# INPUT DATA:
============

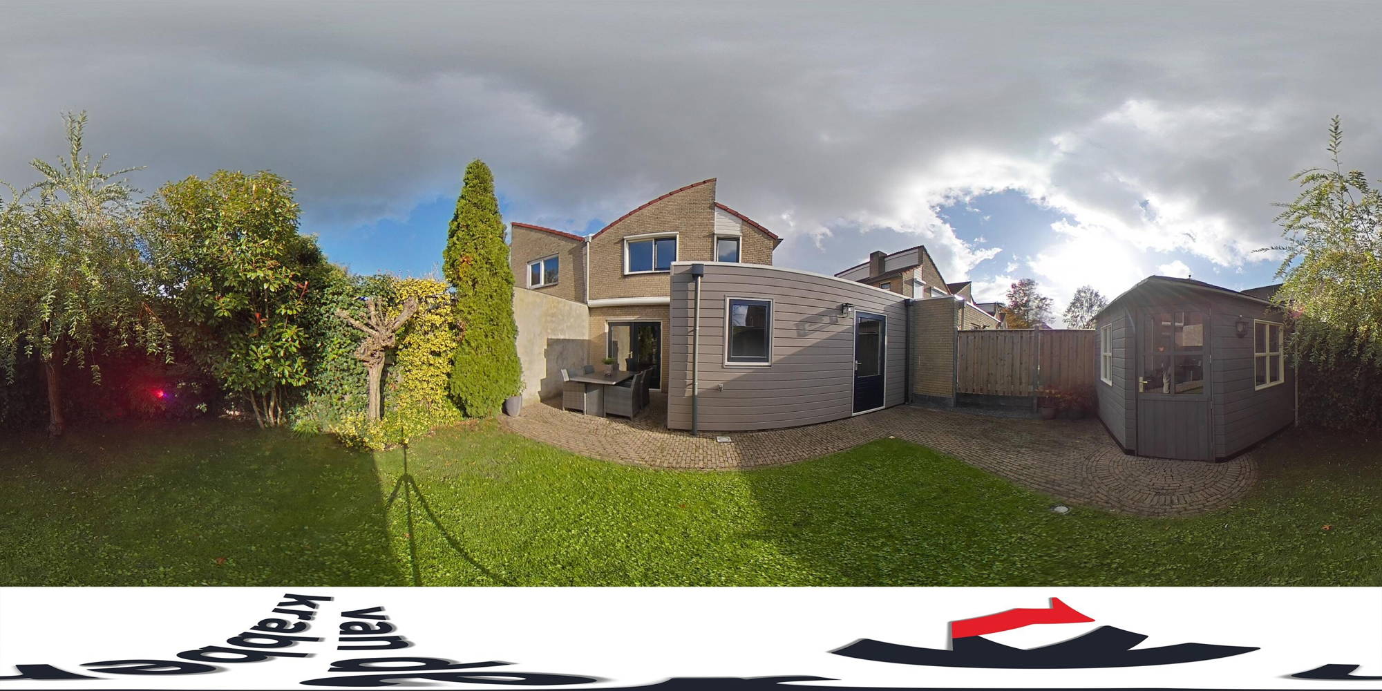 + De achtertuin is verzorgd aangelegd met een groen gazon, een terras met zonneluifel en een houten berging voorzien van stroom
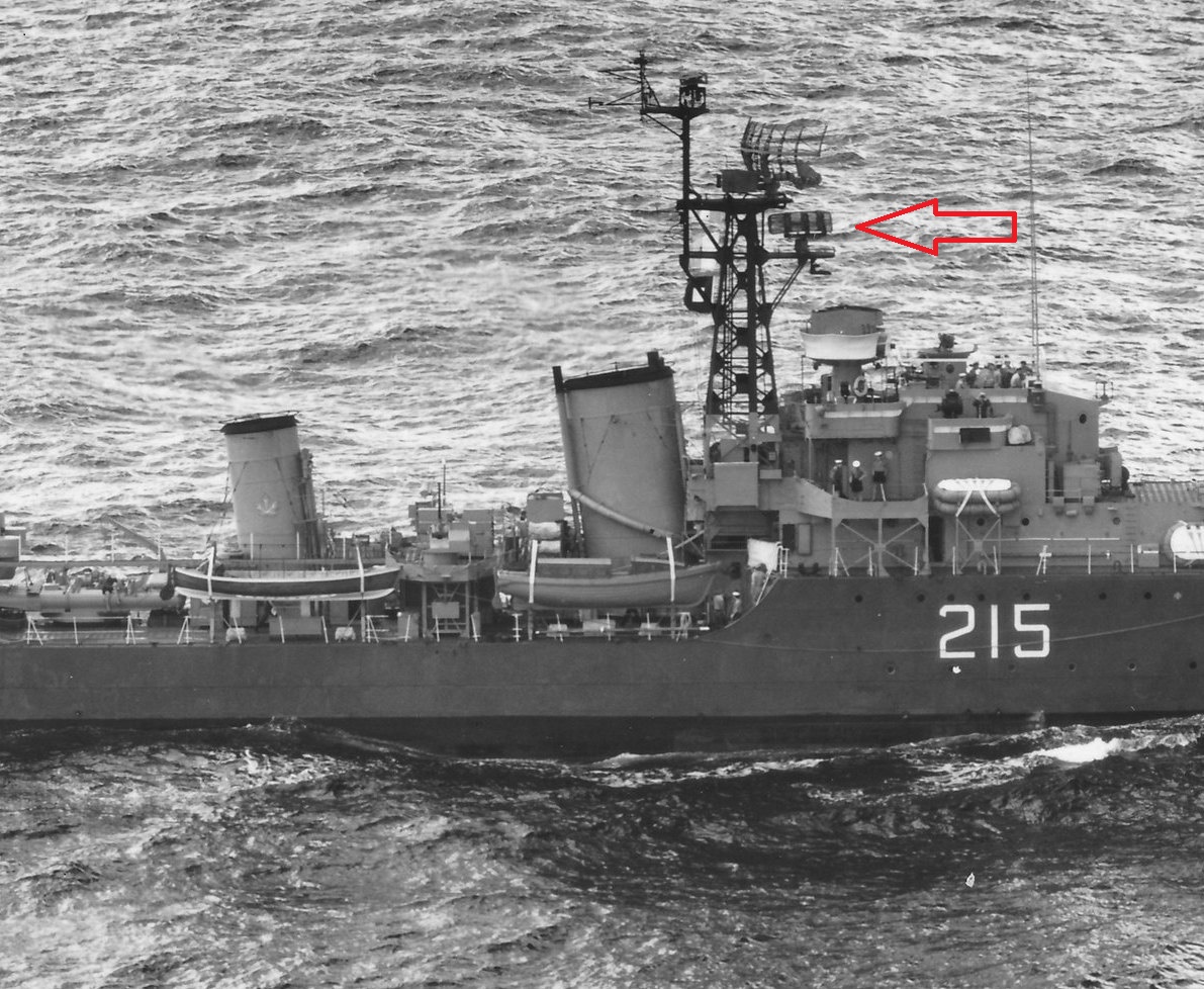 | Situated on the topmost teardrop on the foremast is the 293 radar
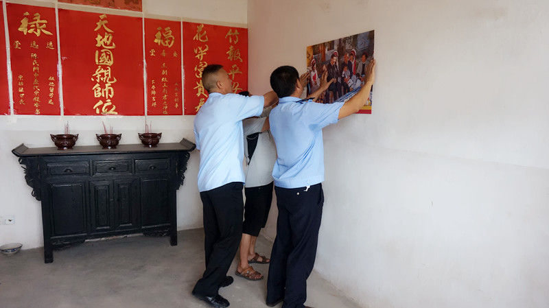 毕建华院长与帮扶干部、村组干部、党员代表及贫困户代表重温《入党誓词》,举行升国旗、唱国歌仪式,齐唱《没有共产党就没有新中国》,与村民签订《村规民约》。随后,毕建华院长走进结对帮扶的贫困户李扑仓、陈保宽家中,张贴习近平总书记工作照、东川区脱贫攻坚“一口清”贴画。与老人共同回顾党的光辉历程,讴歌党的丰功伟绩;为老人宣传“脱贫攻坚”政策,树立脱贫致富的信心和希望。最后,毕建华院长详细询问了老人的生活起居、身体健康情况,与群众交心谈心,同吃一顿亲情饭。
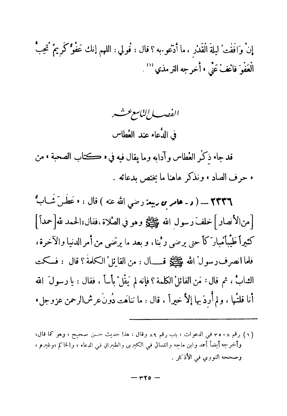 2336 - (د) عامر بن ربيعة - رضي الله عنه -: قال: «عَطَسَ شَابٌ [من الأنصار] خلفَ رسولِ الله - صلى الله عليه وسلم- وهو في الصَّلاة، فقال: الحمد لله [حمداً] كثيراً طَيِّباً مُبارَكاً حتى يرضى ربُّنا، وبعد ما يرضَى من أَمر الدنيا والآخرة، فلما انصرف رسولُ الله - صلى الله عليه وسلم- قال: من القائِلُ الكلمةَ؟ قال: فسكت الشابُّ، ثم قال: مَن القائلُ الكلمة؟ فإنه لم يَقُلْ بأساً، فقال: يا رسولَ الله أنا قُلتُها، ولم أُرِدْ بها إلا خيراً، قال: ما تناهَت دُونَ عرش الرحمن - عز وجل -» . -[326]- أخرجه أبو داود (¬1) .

============

# YOUR ASSIGNMENT:
Transcribe only these lines, exactly: the first line of the listing, every line after it, and the line with "毕建华院长与帮扶干部、村组干", where the copy ends. Include no picture.

# RESPONSE:
 + De achtertuin is verzorgd aangelegd met een groen gazon, een terras met zonneluifel en een houten berging voorzien van stroom
 | Situated on the topmost teardrop on the foremast is the 293 radar
 毕建华院长与帮扶干部、村组干部、党员代表及贫困户代表重温《入党誓词》,举行升国旗、唱国歌仪式,齐唱《没有共产党就没有新中国》,与村民签订《村规民约》。随后,毕建华院长走进结对帮扶的贫困户李扑仓、陈保宽家中,张贴习近平总书记工作照、东川区脱贫攻坚“一口清”贴画。与老人共同回顾党的光辉历程,讴歌党的丰功伟绩;为老人宣传“脱贫攻坚”政策,树立脱贫致富的信心和希望。最后,毕建华院长详细询问了老人的生活起居、身体健康情况,与群众交心谈心,同吃一顿亲情饭。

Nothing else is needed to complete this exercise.